August inflation edges up to 2.9%

- Rica Delfinado -
Consumer prices edged up to 2.9 percent in August, but the Bangko Sentral ng Pilipinas (BSP) said inflation remained well below the full-year target and there was no need to change its neutral position on interest rates.

The National Statistics Office (NSO) said yesterday the August figure was slightly higher than July’s 2.6 percent, which was a 30-month low and the BSP’s own estimate of a 2.4 percent to 2.6 percent rise.

The NSO said the uptick was driven largely by higher food costs, which accounted for the largest share of the consumer basket.

"Upward adjustments in the prices of food as well as electricity rates and gasoline prices boosted inflation in August," the NSO said.

It also said that the latest data brings the average for the first eight months of the year to 3.3 percent, well within the government’s 4.5 to 5.5 percent target for the whole year.

BSP Governor Rafael B. Buenaventura said yesterday that the slight inflation uptick was not enough to warrant a hike in interest rates.

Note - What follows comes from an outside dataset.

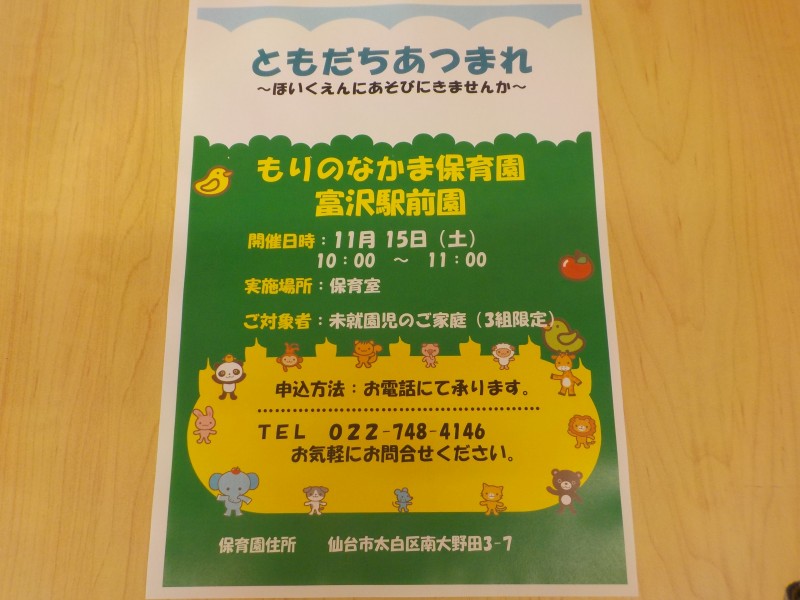 日時:11月15日(土)10時から もりのなかま保育園富沢駅前園 0歳児保育室にて

"The latest (inflation) figure should have no immediate impact given that inflation is still way below target but reinforce our neutral stance taken since early part of this year," Buenaventura said.

By area, inflation in the National Capital Region (NCR) went up to 3.1 percent in August from 2.9 percent in July due mainly to higher fuel, light and water costs.

Price increases in the rural areas were also up at 2.9 percent in August from 2.5 percent a month ago as a result of higher food prices.
Interest rate woes
The BSP’s key overnight borrowing rate currently stands at a decade low of seven percent and has not changed since March this year.

Analysts said that level was high compared to elsewhere in the region, but there was little incentive for rates to head lower at this point.

"I think they would like to, but given the uncertain outlook for crude oil prices and the possible impact of El Niño they would not want to reverse (the current neutral stance) quickly," said GK Goh Securities regional economist Song Seng Wun.

High oil prices, driven by fears of a war between the US and Iraq, have prompted refiners in the country to hike pump prices twice in the past four weeks.

In addition, the El Niño weather phenomenon that has in the past been a cause of severe drought was expected to hit the country from as early as next month.

"It would be best to leave rates where they are for now until we see clearer signs (of pressure on consumer prices) or the US Fed cuts its own rates," Song said.

Buenaventura said earlier this year that a Fed easing would give the monetary authority some scope to consider another cut in its own rates.

Fears of a double-dip recession in the US have revived talk that the Fed should consider another cut in its key rates to help give the American economy a lift.

"I think they are concerned about the potential (negative) effect on the exchange rate if they were to cut ahead of the Fed," said Lehman Brothers regional economist Graham Parry. "If it caused exchange rate volatility, it could have inflationary consequences."

Parry also pointed to the lack of loan growth despite recent rate cuts.

"The rate cuts have had limited impact on the banking sector, they are still hamstrung by their high level of non-performing loans," he explained.